Platelet Aggregation
Aggregation of PRP was analyzed in a Chrono-Log 560Ca Lumi-Aggregometer. For control aggregations, PRP was equilibrated (37°C, 5 minutes), and aggregation was initiated with 20 µmol/L ADP (Sigma-Aldrich). According to the method of Peter et al,² PRP was preincubated (22°C, 30 minutes) with either buffer or GP IIb/IIIa antagonist: abciximab (Centocor), tirofiban (Merck), eptifibatide (COR), or SC-54701, the active metabolite of xemilofiban (G.D. Searle) (in the concentrations indicated in the Results section). Aggregation of antagonist-treated PRP was monitored for 10 to 15 minutes after addition of 2 mmol/L CaCl₂ and 2 mmol/L MgCl₂ in modified HEPES-Tyrode’s buffer (137 mmol/L NaCl, 2.8 mmol/L KCl, 1 mmol/L MgCl₂, 12 mmol/L NaHCO₃, 0.4 mmol/L Na₂HPO₄, 0.35% bovine serum albumin, 10 mmol/L HEPES, 5.5 mmol/L glucose), pH 7.4. In some experiments, after stirring for 15 minutes, platelet aggregates were counted in a hemocytometer by light microscopy.

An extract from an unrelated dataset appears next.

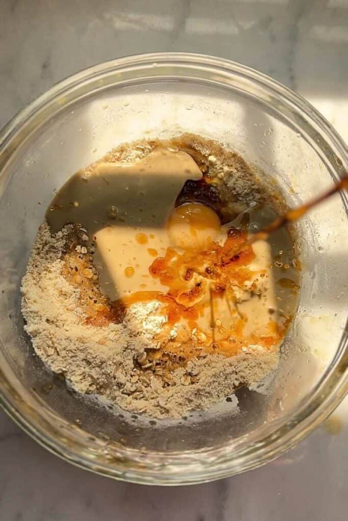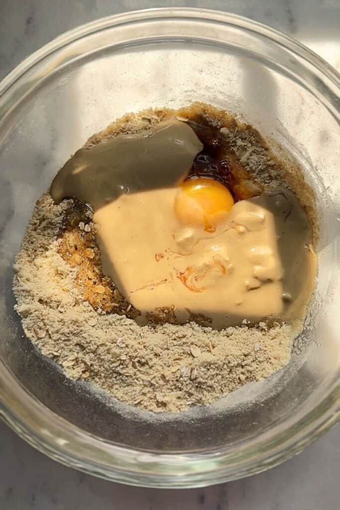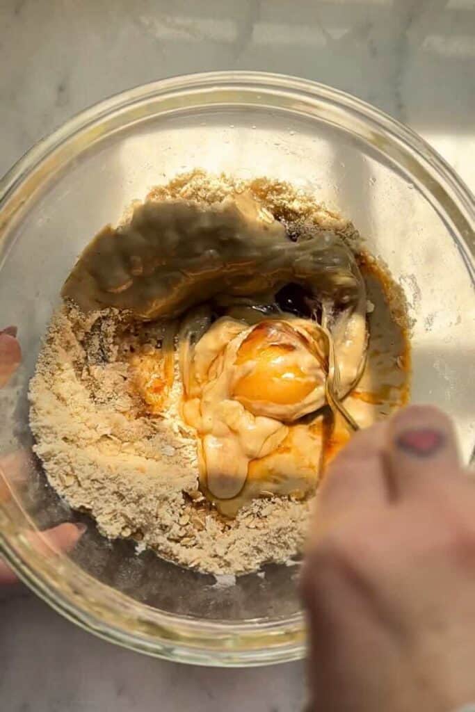 - Mix in the wet ingredients. Add the egg, tahini or sunflower seed butter, maple syrup, and vanilla extract. Mix until a thick cookie dough forms.

Evaluation of GP IIb/IIIa Antagonist–Induced Fibrinogen Binding to Unfixed Platelets
Fibrinogen binding was assessed with the use of FITC-conjugated F26 (gift of Dr Harvey Gralnick), a monoclonal antibody that detects a receptor-induced binding site on fibrinogen bound to GP IIb/IIIa.¹³ Citrated PRP was diluted 1:10 in PPP. Diluted PRP (10 µL) was incubated with 5 µL abciximab, eptifibatide, or tirofiban and 5 µL containing FITC-F26 (11.7 µg/mL) and, as a platelet identifier, peridinin chlorophyll protein (PerCP)-labeled CD42a (anti-GPIX, Becton Dickinson) (1:20) (all concentrations final). Both the GP IIb/IIIa antagonist solutions and the antibody mixture were prepared in modified HEPES-Tyrode’s buffer, pH 7.4, with 2 mmol/L CaCl₂ and 2 mmol/L MgCl₂. After 1 hour at 22°C, samples were fixed with 1% formaldehyde and analyzed in a FACSCalibur flow cytometer (Becton Dickinson). Platelets were identified by their characteristic forward and side light scatter profile and staining with PerCP-CD42a. A positive analysis region was set on flow cytometric histograms depicting F26 binding to unstimulated platelets in the presence of 10 mmol/L EDTA, so that 1% of the platelets were in the positive range.

In some experiments, fibrinogen binding to platelets was assessed by use of the method of Peter et al,² with the following modifications. PerCP-CD42a was added to citrated whole blood as a platelet identifier. Whole blood was then diluted 1:50 in modified Tyrode’s buffer, pH 7.4, with 2 mmol/L CaCl₂ and 2 mmol/L MgCl₂, and 50 µL aliquots were coincubated (22°C, 30 minutes) with abciximab (6 µL) and FITC-labeled polyclonal chicken antifibrinogen antibody (BioPool International) (4 µL). Samples were diluted in 1% formaldehyde in 10 mmol/L PBS, pH 7.4, or 10 mmol/L HEPES-buffered saline, pH 7.4.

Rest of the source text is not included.